The central difficulty in carving, however, is found not so much in the actual chipping as in the tactful distribution of choice parts. This matter is complicated by the fact that unselfish people will lie about their preferences, polite people will refuse to disclose them, and critical people expect you to remember them. Even the expert carver, therefore, looks with favor on those convenient meats that come naturally in individual units—croquettes, cutlets, chops, sausages; here the only difficulty is the choice between brown and not so brown, large and small. There is only the mathematical matter of making the food go around, and the man with the vaguest sense of proportion can count chops and divide by the number of guests.
But when the company is large, and the platter of steak just adequate, there really is cause for anxiety.
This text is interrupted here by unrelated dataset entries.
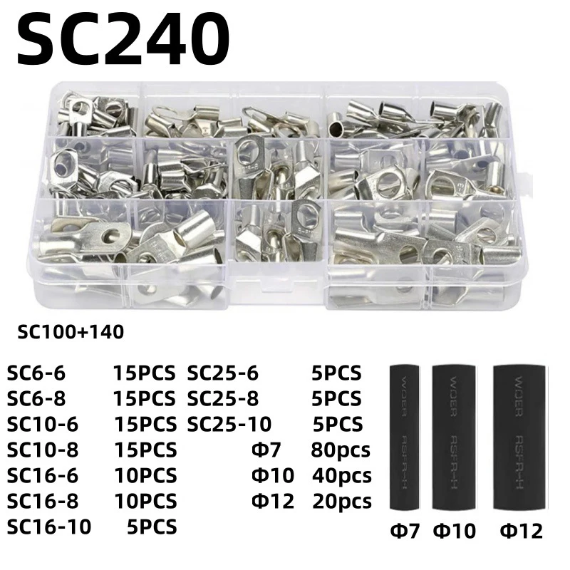 Introducing the 60/240PCS Ring Terminal Cable Shoes Lugs, designed for reliable electrical connections. These tinned copper lug wire eye connectors are perfect for both DIY enthusiasts and professionals, ensuring high conductivity and durability for various applications.
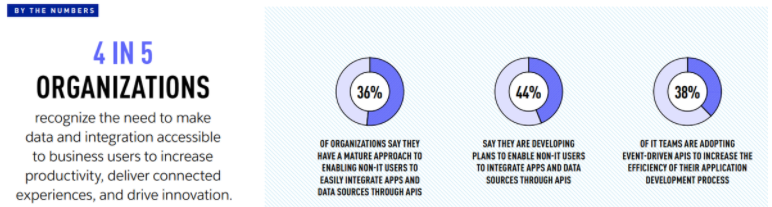 调查显示指出, 44%的企业正在规划行动, 以便让非IT人员能够借助API实现应用程序与数据源的有效整合
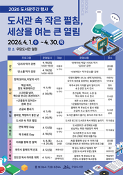 우당도서관은 도서관의 날(4월 12일)과 도서관 주간(4월 12일~18일)을 맞아 4월 1일부터 30일까지 도서관 일원에서 강연, 체험, 전시 등 다채로운 독서·문화 행사를 운영한다. 이번 행사는 ‘도서관 속 작은 펼침, 세상을 여는 큰 열림’을 주제로 마련됐다. 책을 통해 인류의 지식과 기술을 나누고, 사람과 사람을 잇는 ‘큰 열림’으로 확장하자는 의미를 담아 시민들이 함께 즐길 수 있는 다양한 프로그램이 진행된다. 도서관 주간의 대표 행사로는 독자와 작가를 직접 연결하는 작가 강연이 개최된다. 김리리 작가의 ‘만복이네 떡집 시리즈’와 은소홀 작가의 ‘5번 레인’을 주제로 한 강연이 진행돼 시민들에게 특별한 독서 경험을 선사할 예정이다. 이와 함께 우당도서관 대표 프로그램인 ‘제주시 올해의 책 선포’, ‘전도민 독서마라톤 대회’, AI를 활용해 나만의 책을 창작하는 ‘미래를 향해 한 발짝’ 등 다양한 독서·문화 프로그램도 운영된다. 도서관 로비에서는 ‘제주시 올해의 책 필사로 손글씨 뽐내기’, ‘봄바람, 책멍하기 좋은 날’, ‘도서관 속 작은 펼침(도서관 빙고)’, ‘곤을동이 있어요’ 원화 전시, ‘스크린을 넘어, 책으로 만나는 조선이야기’ 등 다채로운 전
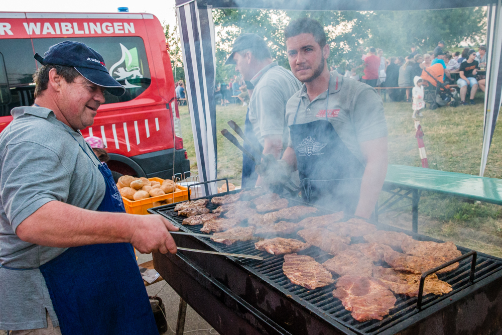 „Wir haben zum Beispiel nicht so viele eigene Grills, dass wir die Verköstigung hätten bewältigen können. Da sind wir auf andere angewiesen. Aber so ist das nun einmal in Hohenacker, man hält zusammen, tauscht untereinander aus und hilft sich gegenseitig!“
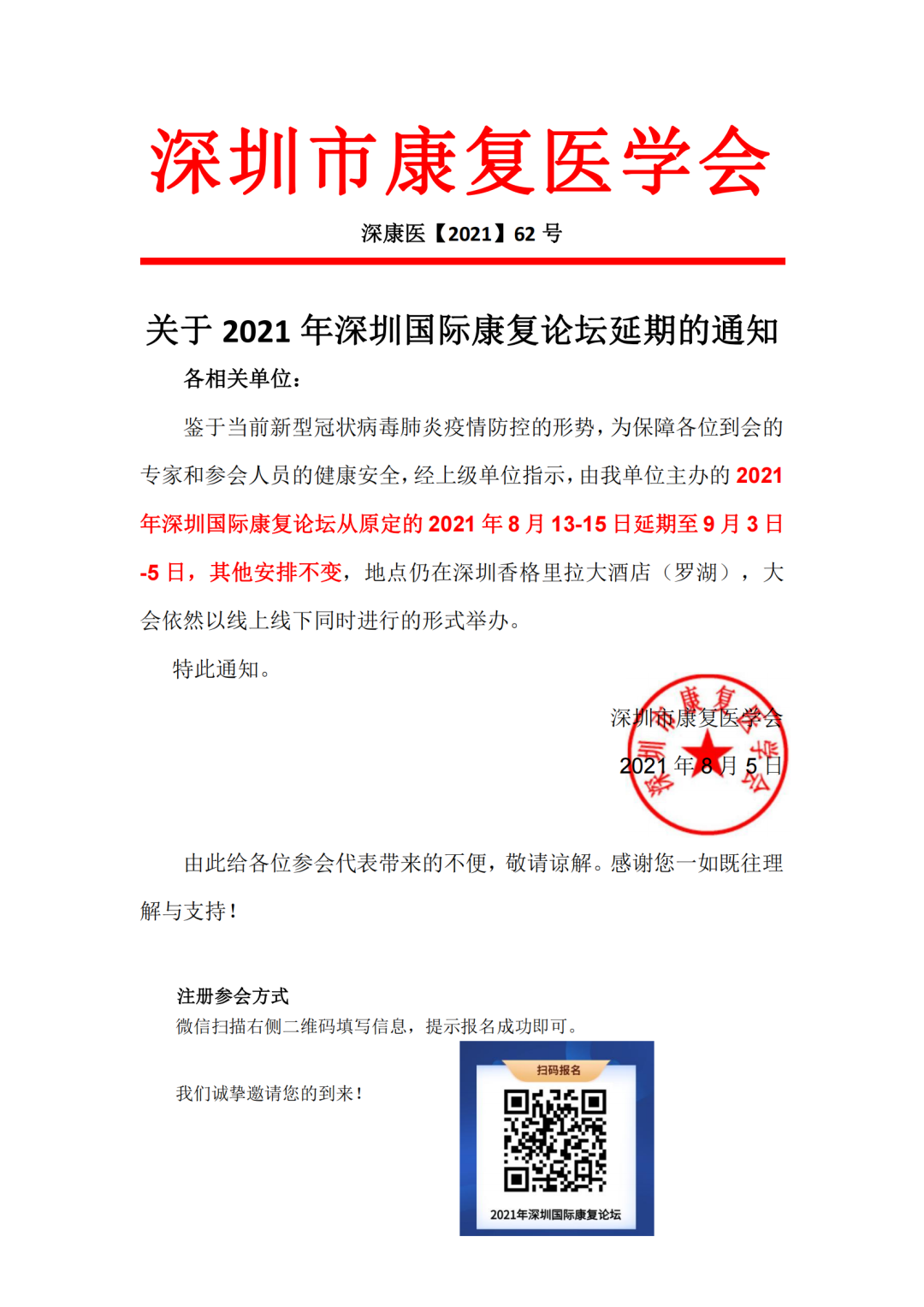 鑒于當(dāng)前新型冠狀病毒肺炎疫情防控的形勢(shì),為保障各位到會(huì)的專(zhuān)家和參會(huì)人員的健康安全,經(jīng)上級(jí)單位指示,2021年深圳國(guó)際康復(fù)論壇從原定的2021年8月13-15日延期至9月3日-5日,其他安排不變,地點(diǎn)仍在深圳香格里拉大酒店(羅湖),大會(huì)依然以線(xiàn)上線(xiàn)下同時(shí)進(jìn)行的形式舉辦。由此給各位參會(huì)代表帶來(lái)的不便,敬請(qǐng)諒解。

Some carvers, under such circumstances, begin cautiously, serving small helpings at first until they are sure they are safe, and then becoming gradually more lavish. Others begin recklessly, and have to retrench. A group of college students once made a study of this matter with data and statistics that would have adorned a doctor's degree. The object was to locate the seat at any table of fourteen where one could count on the most even diet, the golden mean between feast and famine, no matter which member of the faculty chanced to carve. There were many variables to be considered: some members of the faculty habitually carved with giant portions at first, and then dwindled suddenly; others varied from day to day, profiting at one meal by what they learned at the last. A few were expert dividers by fourteen. The conclusion was reached after weeks of minute toil. Like all great investigators, these students were prepared to warrant their findings for all time. The best seat at a table of fourteen—the one where you can count on the least fluctuation and the largest security—in short, Whitman's Divine Average—is the fifth seat from the professor, left. Things in that position run, barring accidents, quite well. If caution was the slogan at the outset, the plentiful supply on the platter has by that time begun to tell upon the mind of the carver, and things are looking up. If the first helpings were extravagant, there has still not been quite time to feel the real pinch of want. Fifth seat from the professor, left.Of course, fourteen is too large a number to divide by. When it comes to long division, brain-fag is bound to set in. Since those days, I am told, food in that college is sent in ready apportioned in advance.
We should miss something in our homes, however, if the art of carving should decline. There is a certain symbolic grace in the fatherly act of hewing away at a large roast, even if a man does not do it so very well. It is true that a great many pleasant gentlemen do not feel quite at home when dealing with a meat; they do not feel quite at their best. They carve tentatively, parcelling it out at random. Until they come to their own serving, they are vague. At that point, however, the most helpless amateur takes on cheer. Watch him as he settles himself more comfortably, draws up the platter at a better angle, and selects the fragments of his choice. It is here that he does his best carving, not consciously, not at all selfishly, but because he now feels sure. He has something to go by. He knows what he wants.
After all, the task of carving at table is not an infallible test of man. Some of the most uncertain carvers in the world are great and good men, standing high in their professions and revered by a family who must nevertheless shiver for the fate of the table-linen when the sirloin steak comes on. But the fact remains that the man who can carve equitably, neatly, and with discrimination has nearly always a balanced brain and a reliable self-command. In an army test he would stand high. He is your genuine “officer material.” And he is very scarce.